How to use pylazaro

In order to use pylazaro you need to create an instance of the class pylazaro.lazaro.Lazaro. This object will be our tagger. We can then pass any text in Spanish to the tagger through the method pylazaro.lazaro.Lazaro.analyze() and the tagger will return the lexical borrowings found in the text encoded in the object pylazaro.outputs.LazaroOutput.

Example

Here is a minimal example of how to use pylazaro:

>>> from pylazaro import Lazaro
>>> tagger = Lazaro()
>>> text = "Inteligencia artificial aplicada al sector del blockchain, la e-mobility y las smarts grids entre otros; favoreciendo las interacciones colaborativas."
>>> result = tagger.analyze(text)
>>> result.borrowings_to_tuple()
[('blockchain', 'en'), ('e-mobility', 'en'), ('smarts grids', 'en')]
>>> output.borrowings_to_dict()
[{'borrowing': 'blockchain', 'language': 'en', 'start_pos': 6, 'end_pos': 7}, {'borrowing': 'e-mobility', 'language': 'en', 'start_pos': 9, 'end_pos': 10}, {'borrowing': 'smarts grids', 'language': 'en', 'start_pos': 12, 'end_pos': 14}]
>>> result.tag_per_token()
[('Inteligencia', 'O'), ('artificial', 'O'), ('aplicada', 'O'), ('al', 'O'), ('sector', 'O'), ('del', 'O'), ('blockchain', 'B-ENG'), (',', 'O'), ('la', 'O'), ('e-mobility', 'B-ENG'), ('y', 'O'), ('las', 'O'), ('smarts', 'B-ENG'), ('grids', 'I-ENG'), ('entre', 'O'), ('otros', 'O'), (';', 'O'), ('favoreciendo', 'O'), ('las', 'O'), ('interacciones', 'O'), ('colaborativas', 'O'), ('.', 'O')]

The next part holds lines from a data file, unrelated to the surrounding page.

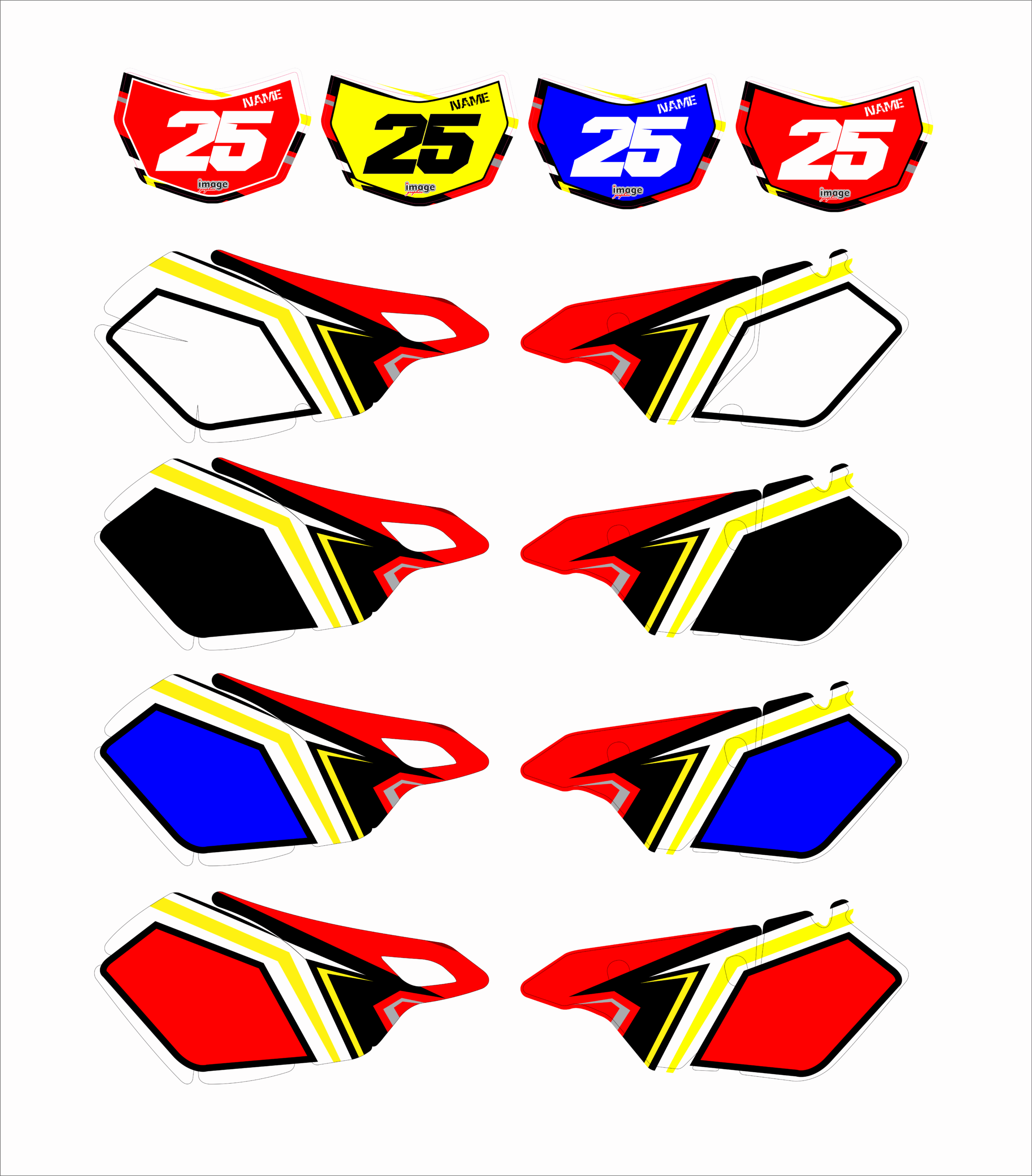 THIS GRAPHICS Kits are already designed and ready for you to put your own twist on them. While the design itself cannot be changed, you can totally make your kit stand apart from the rest by changing any or all colors and fades on any part of the kit. You can also add your sponsor logos wherever you choose (some logos may be prohibited due to licensing rights.)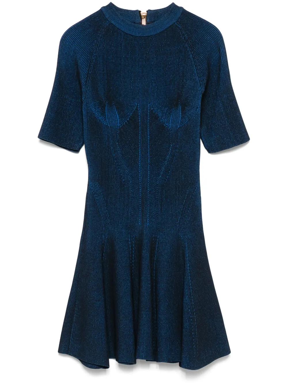 This elegant short-sleeve ribbed knit dress by Balmain is crafted in a electric blue shade. Featuring a fitted silhouette, it flares gently at the hem for a flattering look. The back showcases a bold gold-tone zip detail, adding a modern edge to the design. A versatile and stylish choice for both daytime and evening wear. Made in Italy Color: Electric BlueCare instructions: Machine wash on a cold gentle cycle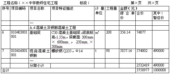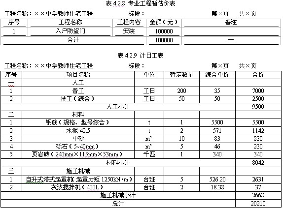 1)暫列金額應按照其他項目清單中列出的金額填寫,不得變動(如表4.2.6所示)。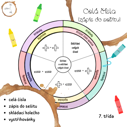 Materiál je určen primárně pro žáky 7. třídy ZŠ a je vhodný jako zápis k úvodu do sčítání a odčítání celých čísel. Obsahuje tři na sebe navazující kolečka: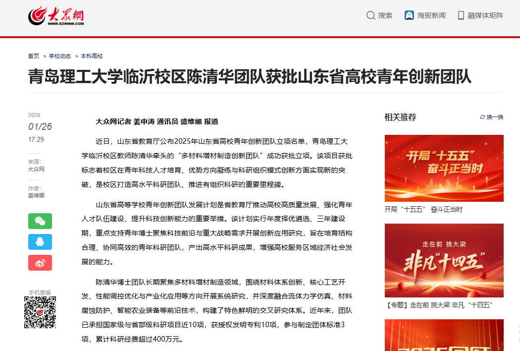 【大众网】青岛理工大学临沂校区陈清华团队获批山东省高校青年创新团队
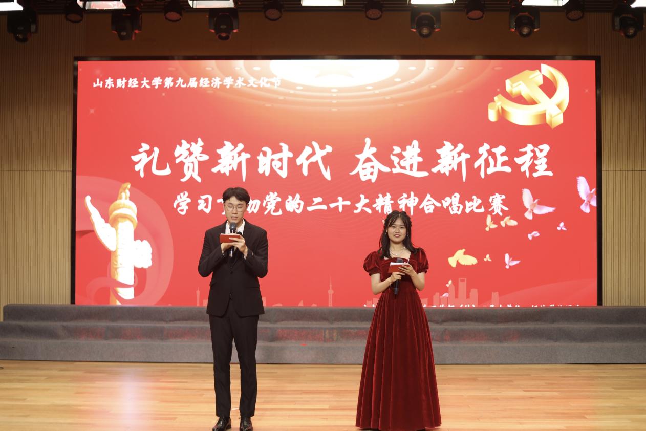 (通讯员:付雯 公天� 舒展 李亦� 孙婷潇)为深入学习宣传贯彻党的二十大精神,引领广大青年永远跟党走,奋进新征程�5�18日下午,经济学院于圣井校区文化活动中心报告厅举办学校第九届经济学术文化节之“礼赞新时代 奋进新征程”学习贯彻党的二十大精神合唱比赛。副校长、经济学院院长谢申祥,校圣井校区管理办公室党委书记高峰、主任王燕,校团委书记王晓迪,校党委宣传部副部长李清照,校团委谭雯雯,经济学院党委书记姜伟,党委副书记李冰封、陈静,副院崔宝敏出席活动,经济学院全体辅导员老师�2021�2022级全体同学参加活动�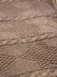 普通图案包括海浪、扶梯、绳子和旗帜等,采用平针、反针、频振图案、大绞丝、绞花、罗纹等针法工艺。用平针图案来呈现索具、港湾、天路,之字形大绞丝用来描绘悬崖,双之字形则表示了婚姻生活的跌宕起伏。各种各样的渔网、龙虾、蟹笼图案用菱形格纹进行描绘,双条辫针织用于诠释沙滩上的串串脚印。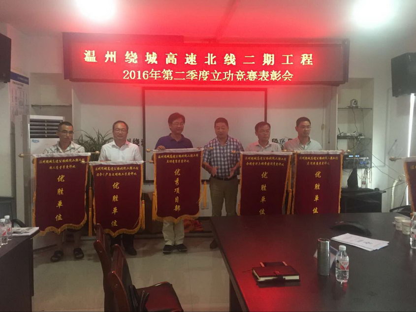 2016年是绕北二期项目的开工年,为推进工程建设,提高工程管理水平,绕北二期工程在交投集团的统一领导下,以劳动立功竞赛活动为抓手,积极开展“比亮点,树标杆”活动。在第二季度的施工建设中,各参建单位卯足干劲、力争上游,认真履行合同约定,精心组织,严格管理,圆满的完成各项建设任务,工程建设取得了阶段性成果。绕北处高度重视、统一认识、积极行动,安排相关负责人对5个标段进行现场检查打分,综合评选出优秀项目部、优秀施工班组、先进个人等奖项。李革为优秀项目部(浙江天宇交通建设集团有限公司),优秀项目经理江大根(中铁十六局三公司)、优秀总工刘斌(浙江天宇交通建设集团有限公司)等获奖集体及个人颁奖。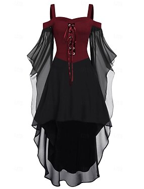 Punk & goottilainen Mekot Kello noita Gootti tyttö Olkaimeton Epäsymmetrinen helma Naamiaispuku Naisten Halloween Karnevaali Suoritus Juhla Aikuiset Leninki
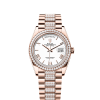 The Oyster Perpetual Day-Date 40 in platinum with a white mother-of-pearl, diamond-set dial, fluted bezel and a President bracelet.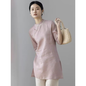 リネン新中国風ラウンドネックミッドスリーブ刺繍トップ 2025 夏新文学レトロルーズミッドレングスシャツ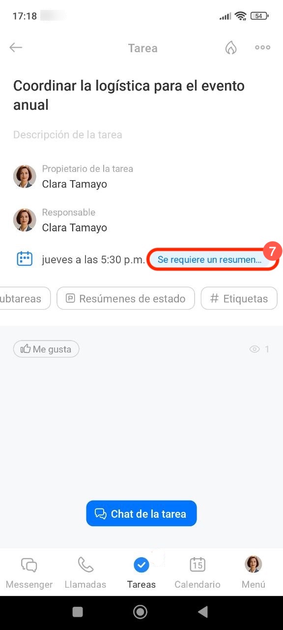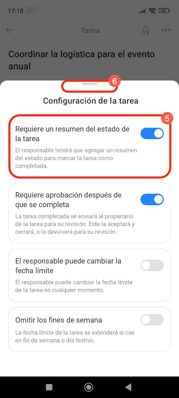 6. Desliza el control hacia abajo para salir de la configuración. En la ficha de la tarea aparecerá la notificación Se requiere un resumen del estado de la tarea.

Running pylazaro with other models

pylazaro can be run with five different types of models (see How does pylazaro work? in About pylazaro):

  1. A BiLSTM-CRF model fed with subword embeddings and lexical embeddings pretrained on codeswitching data (this is the best performing model, and the default model used by pylazaro)

  2. A BiLSTM-CRF model fed with subword embeddings and bilingual Transformer-based Spanish-English lexical embeddings

  3. A Transformer model based on multilingual BERT

  4. A Transformer model based on Spanish model BETO

  5. A Conditional Random Field model with handcrafted features

By default, pylazaro will use the first model (BiLSTM-CRF with codeswitched embeddings), which is the best-performing model of all, but this can be modified when instantiating pylazaro.lazaro.Lazaro:

>>> tagger_bilstm = Lazaro(model_type = 'bilstm', model_file="lirondos/anglicisms-spanish-flair-cs") # Equivalent to tagger_bilstm = Lazaro() and to tagger_bilstm = Lazaro(model_type = 'bilstm')
>>> tagger_bilstm = Lazaro(model_type = 'bilstm', model_file="lirondos/anglicisms-spanish-flair-bert-beto")
>>> tagger_bilstm = Lazaro(model_type = 'transformers', model_file="lirondos/anglicisms-spanish-mbert") # Equivalent to tagger_transformers = Lazaro(model_type = 'transformers')
>>> tagger_bilstm = Lazaro(model_type = 'transformers', model_file="lirondos/anglicisms-spanish-beto")
>>> tagger_crf = Lazaro(model_type = 'crf') # Requires extended installation

Warning

In order to run the CRF model, the extended installation is required (see Installation guide). However, we don’t recommend using the CRF model, as it is the worst-performing model of all three options (and the extended installation will significantly take more memory space).